Segment Open

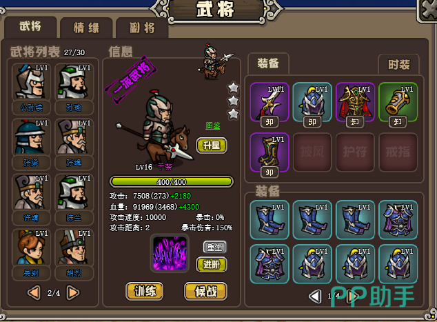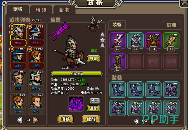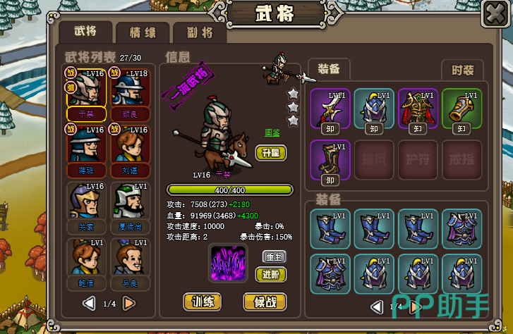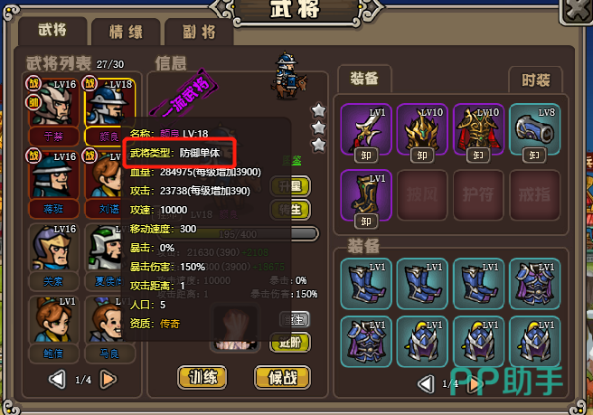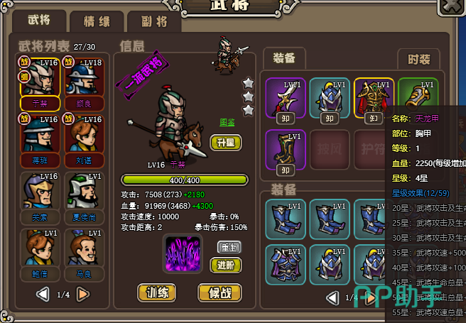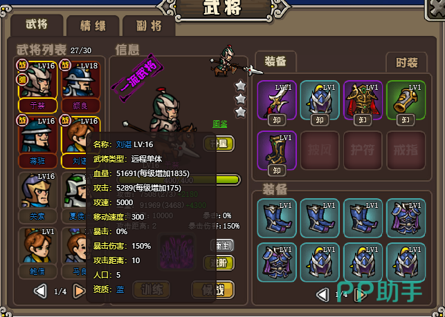 在将领的调配上,不管怎样进行衡量和挑选,首要第一点便是质量至上,游戏里将领的质量十分要害,哪怕只相差一个质量在后期的战役力距离也是天差地别的,武将在游戏里的分类由弱到强分别是三流、二流、一流、神和尊,武将调配方面优先挑选一流及以上质量的武将,然后再看武将的详细类型。
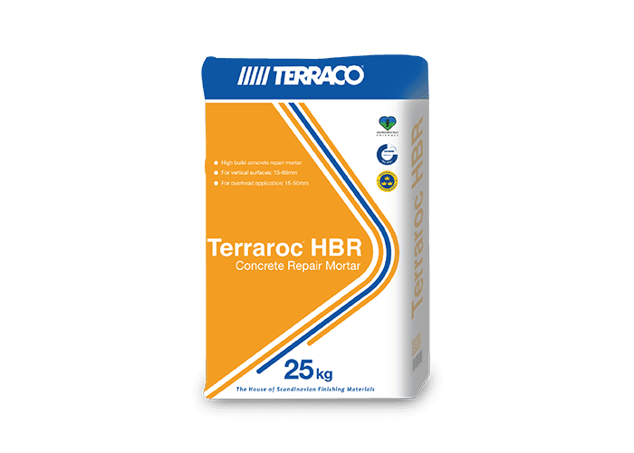 Terraroc HBR is a high build polymer modified repair mortar with fibre reinforcement suitable for concrete repairs up to 80mm on vertical surfaces and 40mm in overhead applications. Terraroc HBR is shrinkage compensated and is sprayable enabling fast repair.
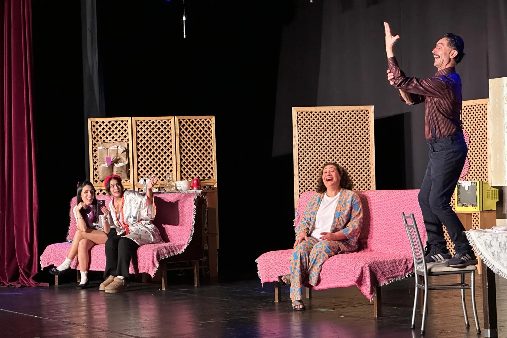 İki yıldır sahnelerde olan ve her gösteriminde büyük ilgi gören oyun, Maltepe Belediyesi Türkan Saylan Kültür Merkezi’nde izleyicilerle buluştu. Eray Yasin Işık’ın yazdığı oyun, enerjik sahne performanslarıyla dikkat çekti.
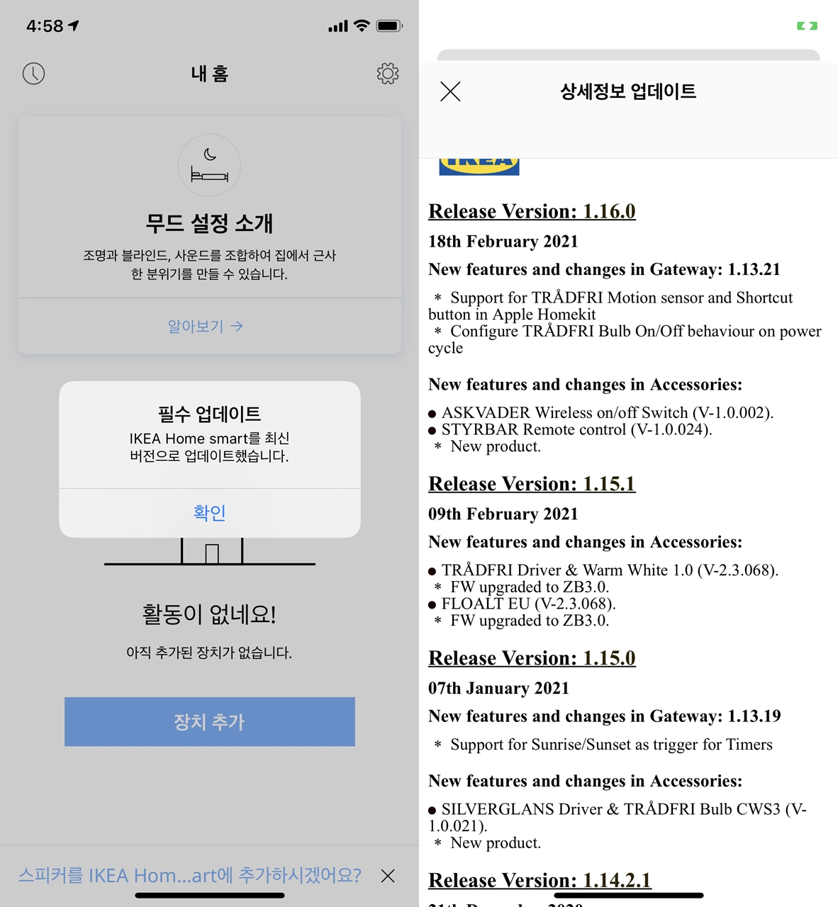 그리고 언제나처럼 이케아 게이트웨이와 디바이스들의 펌웨어를 최신 버전으로 갱신하고,
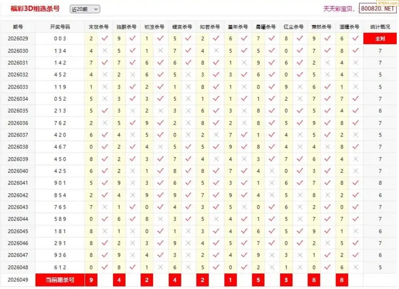 师姐26年049期3D准杀号 5连中
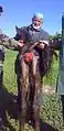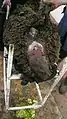 Prolapsed uterus in cattle, particularly dairy cattle, generally occurs in the first 12 hours post-calving. Frequent causes are hypocalcemia combined with irritation of the birth canal, causing straining. Replacement of the protrusion, which can range from the size of a softball to the hanging of the entire uterus down below the hocks, is performed with the cow in sternal recumbency, an epidural injection, and hindlimbs 'frogged' rearwards to allow the pelvis to tip forward, easing replacement. Careful washing and cleaning prior to replacement is important as is ensuring that the horns are completely everted once inside the cow. Often a Buhner suture is placed in the vulva to prevent subsequent reprolapse.
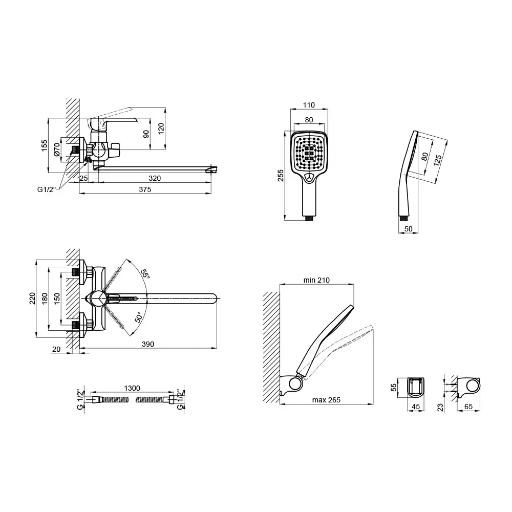 Змішувач, Душовий шланг, Лійка для ручного душу, Кронштейн, Кріплення
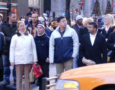 Fifth Avenue in Midtown, New York City crowd, mid-December 2004. People waiting to cross the street.
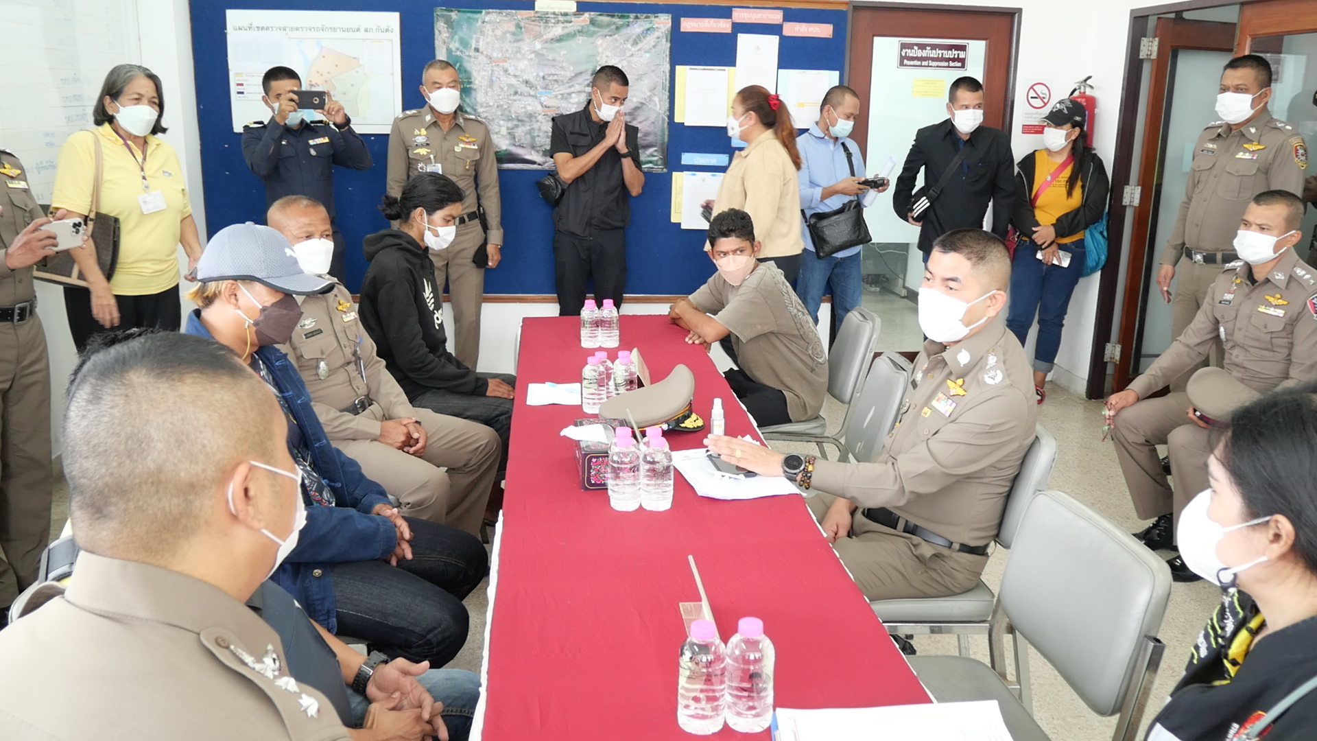 จากข้อมูลดังกล่าว คณะทำงานเพิ่มประสิทธิภาพฯ จึงรวบรวมพยานหลักฐาน ร้องทุกข์กล่าวโทษผู้ร่วมกระทำผิดต่อพนักงานสอบสวน สภ.กันตัง ก.จว.ตรัง ดำเนินคดีกับผู้ต้องหาจำนวน 3 ราย ประกอบด้วย 1. นายศุภกร ลายแจ้ง อายุ 59 ปี ทำหน้าที่ผู้ควบคุมการทำงานบนเรือ (ไต๋เรือ). นาย กฤษณะ คงโอ อายุ 43 ปี ทำหน้าที่ผู้ควบคุมการทำงานบนเรือ (ได้เรือ) ช่วงตั้งแต่ต้นเดือนมิถุนายน 25643. นายเสถียร เงินอเนก อายุ 61 ปี เจ้าของเรือ นักงานตำรวจแห่งชาติ ขอความร่วมมือพี่น้องสื่อมวลชน ประชาสัมพันธ์ให้ประชาชน ได้ทราบถึงการดำเนินการและการกระทำผิดที่เกี่ยวข้องกับการทำประมงผิดกฎหมาย หากประซาชนพบเห็นการกระทำผิดในลักษณะดังกล่าว สามารถแจ้งข้อมูลมายัง ศูนย์พิทักษ์เด็ก สตรี ครอบครัว ป้องกันปราบปรามการค้ามนุษย์ และภาคประมง สำนักงานตำรวจแห่งชาติ (ศพดส.ตร.) โดยตรง ช่องทางสายด่วน 1599 นอกจากนี้ยังได้มีการประชุมเจ้าหน้าที่ที่เกี่ยวข้อง ไม่ว่าจะเป็นแรงงานจังหวัดตรัง เจ้าหน้าที่ตำรวจ เจ้าหน้าที่ศูนย์PIPO เพื่อปรับการทำงานให้ดีขึ้น
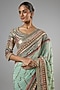 Featuring a porcelain blue saree in chiffon base with thread embroidery. It is paired with a blouse. Style it with statement jewellery, potli and heels for a festive occasion, wedding or engagement ceremony.
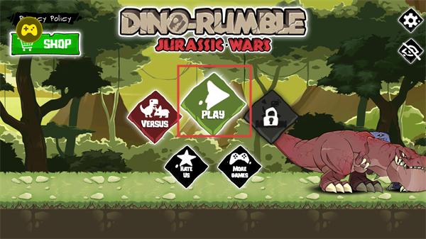 1、进入游戏主界面,点击绿色PLAY按钮,开启史前生物对抗的横版动作之旅,可从霸王龙、迅猛龙等特色恐龙中选择操控,参与侏罗纪战争。
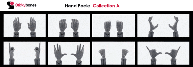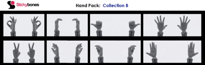 Stickybones がフィギュアとして優れている点は何と言っても関節です。思い切り動かしてもなかなか外れず、それでいて滑らかに自由に動かせます。これによりいつまでも飽きずにいじりながらポージング遊びを楽しみ続けることができます。さらに今回、16 種類という、セット品としてはなかなか他に類を見ない「手」が追加販売されるとのことで、ますます絵のモデルや写真ネタなどに使いやすくなったと感じます。16 種類という数には開発者の異常な情熱を感じます。「この手、一体いつ使うんだろう」というような形の手パーツまで入っていることで、創作における発想の飛躍を起こしてくれることが期待されます。手パーツだけ永久保証がついていないのは指の細さゆえに致し方ないかなと思います。
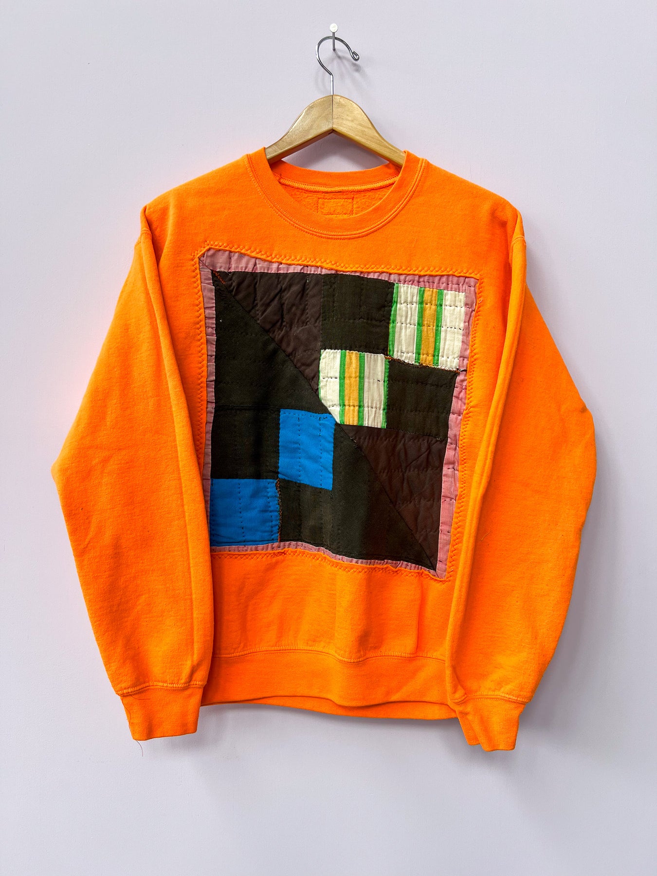 Quilt Patchwork Neon Orange Sweatshirt - Size S/M

Segment Closed

* PROMPT
Skip the pictures, please, and transcribe only the lines from the beginning of the material through the one that contains "Terraroc HBR is a".

* SOLVED EXERCISE
 在将领的调配上,不管怎样进行衡量和挑选,首要第一点便是质量至上,游戏里将领的质量十分要害,哪怕只相差一个质量在后期的战役力距离也是天差地别的,武将在游戏里的分类由弱到强分别是三流、二流、一流、神和尊,武将调配方面优先挑选一流及以上质量的武将,然后再看武将的详细类型。
 Terraroc HBR is a high build polymer modified repair mortar with fibre reinforcement suitable for concrete repairs up to 80mm on vertical surfaces and 40mm in overhead applications. Terraroc HBR is shrinkage compensated and is sprayable enabling fast repair.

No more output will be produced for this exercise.